The Bracket Boys emerged one March in my sophomore year of high school, wearing the same sweaty jerseys for days on end and trading wrinkled dollar bills under the lab tables in chemistry class. Or maybe they had always been there, furiously scribbling on those all-important flowcharts, and I had simply never noticed them before. After all, I had only just realized that March Madness was not, in fact, an insanity-inducing disease brought on by a seasonal resurgence in bacteria.
That month, papers torn by too much pencil erasure circulated through the classrooms. Teachers either didn’t notice or didn’t mind, possibly because from a distance the brackets looked similar enough to the periodic table.
As for me, I had never watched a basketball game in my life, and the chart on my desk really was for chemistry class. I was only a spectator of spectators, orbiting this strange cultural phenomenon like the outermost ring of electrons around a nucleus.
This year, I was assigned to enter that nucleus, to cheer on Harvard’s team and observe fans in a New York City sports bar. I imagined them as the grown-up versions of the Bracket Boys: same torn papers in hand, just more facial hair and the legal drinking age. I decided to watch the game at a bar in the East Village known for its New England clientele—“Professor Thom’s.”
The bar itself is flanked by at least five large screens, all showing the Harvard-Cincinnati game. A group of about 20 men sit around it, and if I squint, they do sort of look like the Bracket Boys. Something dramatic happens on screen, they cheer uproariously, and I inwardly congratulate myself on finding the perfect spot.
I realize that I don’t know where to sit. I have the sense that all of the grown-up Bracket Boys know each other, and that taking a seat at the counter would be intrusive. The booths, though, seem a bit removed from the action. I settle for walking into the middle of bar and waiting awkwardly for something to happen.
The manager approaches me, and I think that he’s going to solve my problem by telling me where to sit. He has an unshaven, jowly chin that bobs a few inches above the collar of his plain white t-shirt.
“ID please?”
“Oh, I’m not planning to drink—“
“Doesn’t matter. Can’t be in the bar if you’re under 21. It’s a liability.”

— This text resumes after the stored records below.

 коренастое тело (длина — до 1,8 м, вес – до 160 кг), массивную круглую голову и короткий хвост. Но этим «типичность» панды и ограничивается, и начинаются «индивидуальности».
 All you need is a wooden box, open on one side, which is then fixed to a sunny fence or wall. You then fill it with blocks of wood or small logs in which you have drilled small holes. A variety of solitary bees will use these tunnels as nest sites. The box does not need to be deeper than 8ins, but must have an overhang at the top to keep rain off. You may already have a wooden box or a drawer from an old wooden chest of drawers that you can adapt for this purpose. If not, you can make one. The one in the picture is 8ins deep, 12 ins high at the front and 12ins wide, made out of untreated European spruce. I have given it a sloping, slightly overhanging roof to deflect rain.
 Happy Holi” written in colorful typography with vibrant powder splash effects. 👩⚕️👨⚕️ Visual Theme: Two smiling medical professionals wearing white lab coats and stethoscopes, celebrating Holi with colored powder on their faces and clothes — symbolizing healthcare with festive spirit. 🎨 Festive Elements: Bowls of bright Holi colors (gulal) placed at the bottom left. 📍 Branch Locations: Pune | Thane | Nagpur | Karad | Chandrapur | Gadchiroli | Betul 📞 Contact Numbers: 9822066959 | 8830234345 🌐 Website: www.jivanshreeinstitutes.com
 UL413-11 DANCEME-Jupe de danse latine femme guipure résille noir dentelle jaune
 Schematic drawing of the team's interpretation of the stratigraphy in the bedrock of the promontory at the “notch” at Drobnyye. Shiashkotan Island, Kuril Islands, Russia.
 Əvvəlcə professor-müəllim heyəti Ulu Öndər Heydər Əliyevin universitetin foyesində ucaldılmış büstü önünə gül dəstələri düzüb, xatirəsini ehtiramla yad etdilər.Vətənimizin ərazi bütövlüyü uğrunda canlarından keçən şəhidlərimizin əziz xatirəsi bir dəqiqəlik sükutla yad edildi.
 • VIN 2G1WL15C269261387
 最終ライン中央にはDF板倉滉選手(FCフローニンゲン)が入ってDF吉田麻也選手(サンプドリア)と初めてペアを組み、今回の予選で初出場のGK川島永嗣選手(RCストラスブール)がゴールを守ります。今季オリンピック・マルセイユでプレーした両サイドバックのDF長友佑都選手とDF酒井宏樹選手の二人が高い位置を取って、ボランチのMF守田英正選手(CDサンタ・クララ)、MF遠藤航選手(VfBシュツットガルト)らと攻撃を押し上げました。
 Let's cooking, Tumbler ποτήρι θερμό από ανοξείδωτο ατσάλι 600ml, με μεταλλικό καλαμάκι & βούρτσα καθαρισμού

My stomach sinks, but then I realize that I will be fine. I’m a journalist! Journalists always manage to go places they’re officially barred from. Warzones and the like. As soon as he sees that I’m on a mission for the noble cause of the written word…
“But I go to Harvard,” I start, and as soon as the words leave my mouth I realize how awful they sound. I know before the next two minutes of begging ensues that I will fail. The man’s chin shakes in the opposite direction of his head as he points toward the door while I claim desperately that “I just want to write.”
I walk outside, outraged that I have just been told I am not old enough to do something. Then, I do what any independent adult would: break down, and call my dad to ask for advice. He recommends a bar on 7th Street.
I enter “Standings,” where college pennants dangle in clusters from the ceiling like colorful grape vines. In a space no larger than twenty square feet, it seems that these Bracket Boys have brought their girlfriends, their girlfriends’ girlfriends, and even that weird guy from work. The Harvard game is on, but muted and ignored, and the shouting seems more enthusiastic during commercials. It’s so crowded that I can barely push half of my body through the door before being pushed out by the sheer force of sweaty bodies. I am spared, at least, a request for an ID.
I trudge back down 2nd Ave., ready to enter any bar out of sheer desperation, Harvard fans or not. I see one flanked by two large men with walkie-talkies and bulky arms pressed against their chests. Smoke spills out from behind two roped off doors. I don’t even have to ask—I’m a liability.
Two doors down, I spot a bar called “The Travelling Scholar.” It sounds Harvard-esque, and perhaps my nobility-of-journalism speech will go down better here. It doesn’t, but the barman takes pity on me. He points me toward Ryan’s Irish Pub, next door, where they serve lunch and allow minors, though it soon proves to lack the atmosphere I’m looking for. The gold-countered bar is flanked by only four customers: a beanie-wearing hipster smoking a cigarette, a man with one earring who’s trying to pick up the barmaid, and a couple bent over an iPhone game of Flappy Bird. No one watches the game on the larger screen.
I sit down anyway, and try to enjoy the game alone. I realize, as I watch the tall figures on screen circle around each other, that I have absolutely no idea what’s happening. I can’t even read the score, having left my glasses at home.
The bartender, a short, pretty blond woman who looks vaguely like Amanda Seyfried, asks me what I’d like to drink. I order a Virgin Mary, which I think sounds mature, if not alcoholic.
They’re out of the mix. She asks me if a Shirley Temple would be all right. Because there’s nothing else to be done, I accept.
I try to compensate by taking out my notebook and writing at the bar. Just when I am beginning to feel appealingly like Hemingway, I see that the beanie-wearing hipster has also opened his Moleskine. Would I like a refill of that Shirley Temple? Absolutely. With nothing else to lose, I eat the candied cherry.